THIS THING CALLED “WISDOM”

BLOG #6, SERIES 5
WEDNESDAYS WITH DR. JOE
THIS THING CALLED WISDOM
February 5, 2014

If you, like me, spend much time in bookstores, and watch where people go, once they’ve come in, you’ll discover that many are there for one reason only: they are searching for wisdom. Browsers search through quotation books, philosophy books, religion books, writing books, advice books, self-help books–the list could go on and on. Each of these browsers seeking answers, solutions, or guidance.

Yet it’s strange,, isn’t it? That we who are all but buried in torrents of information–more so than any previous generation in history–find it increasingly difficult to separate the wise from the foolish, the gold from the mica, the original from a copy or cloning.

Untold thousands of these seekers who buy book after book turn up empty. Eventually, a disproportionate number of them give up on finding solutions for their problems and settle for a guru. A guru who’ll say to them, in essence: You fools! You’ll never find answers on your own. Only sages like me, who have sifted through all the stratas of information and have discovered the mother lode of wisdom, can be trusted to answer your questions and bring you peace. All you have to do is listen to me talk and read my books. Never again will you have to wonder about what is important or not. In the future, you need search no further for I have all the answers.

Sound familiar? It ought to for our contemporary society is overrun by self-annointed gurus and prophets who have set themselves up as demigods, both religious and secular.

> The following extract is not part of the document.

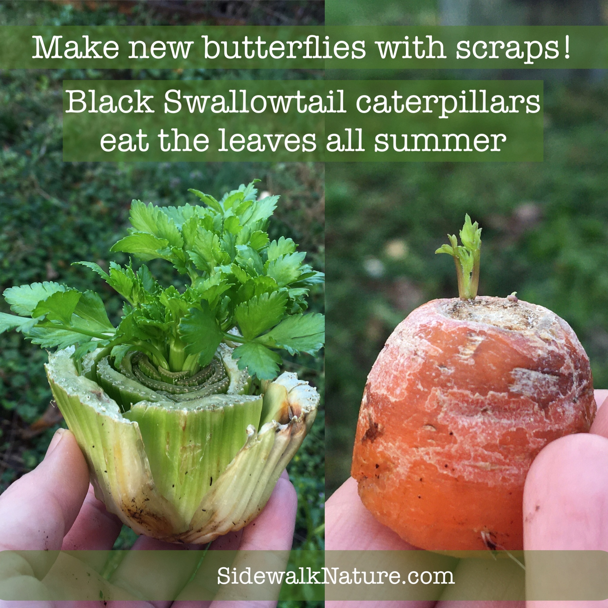 Easiest butterfly garden ever: let celery butts and carrot butts sprout, then stick ’em in soil.

I too have long searched for wisdom. All writers do. How well I remember a key epiphany in my life’s journey. I stumbled on a book that appeared to contain all the answers I’d ever need in my search to be a successful writer. In fact, the dust-jacket trumpeted the gladsome news that wanabe writers need search no further than this one book, for in it an impressive group of successful writers each divulge the secrets to their writing success. It was not a cheap book, but I rose to the bait and bought it.

Never in my life have I been more disappointed/disillusioned by a book! It was hollow. Not one of all those famous authors offered solutions or guidance! Instead, each one revealed how insecure s/he was; how terrified each one of writer’s block: of coming up empty idea-wise, wisdom-wise.

Not one of them accessed a Higher Power in this near frantic search for wisdom. At this time in my journey, my books were selling well and letters were streaming in. A number of them praised me for my wisdom, acknowledging their debt to me as a source of wisdom they could depend on. This concerned me no little for I knew it was not true, for I was searching for wisdom myself. For an author, such letters are insidious, for the temptation is to believe them, and write back, acknowledging the truth of their assumptions, and inwardly adding another name to the tribe of devotees who can be counted on to buy his/her books.

Finally, God gave me a totally different epiphany: one that has, over time, revolutionized my life. The catalyst: Solomon, the wisest man who ever lived. If the story is hazy to you, here it is:

That night the Lord appeared to Solomon in a dream, and God said, ‘What do you want, and I will give it to you!’

[And Solomon answered] ‘O LORD my God, now you have made me king instead of my father, David, but I am like a little child who doesn’t know his way around. And here I am among your own chosen people, a nation so great they are too numerous to count! Give me an understanding mind so that I can govern your people well and know the difference between right and wrong. For who by himself is able to govern this great nation of yours?’

The LORD was pleased with Solomon’s reply and was glad that he had asked for wisdom. So God replied, ‘Because you have asked for wisdom in governing my people and have not asked for a long life or riches for yourself or the death of your enemies–I will give you what you asked for! I will give you a wise and understanding mind such as no one has ever had or ever will have! And I will also give you what you did not ask for–riches and honor! No other king in all the world will be compared to you for the rest of your life!’
(1 Kings 3:7-12 NLT)

Though I had read this passage before, never before had I thought of it as having any possible association with myself. But now the thought came to me: Nowhere in Scripture is it said that God would not grant wisdom to someone other than Solomon! What if I asked for it? I could but ask. I couldn’t possibly be more at sea wisdom-wise than I am now!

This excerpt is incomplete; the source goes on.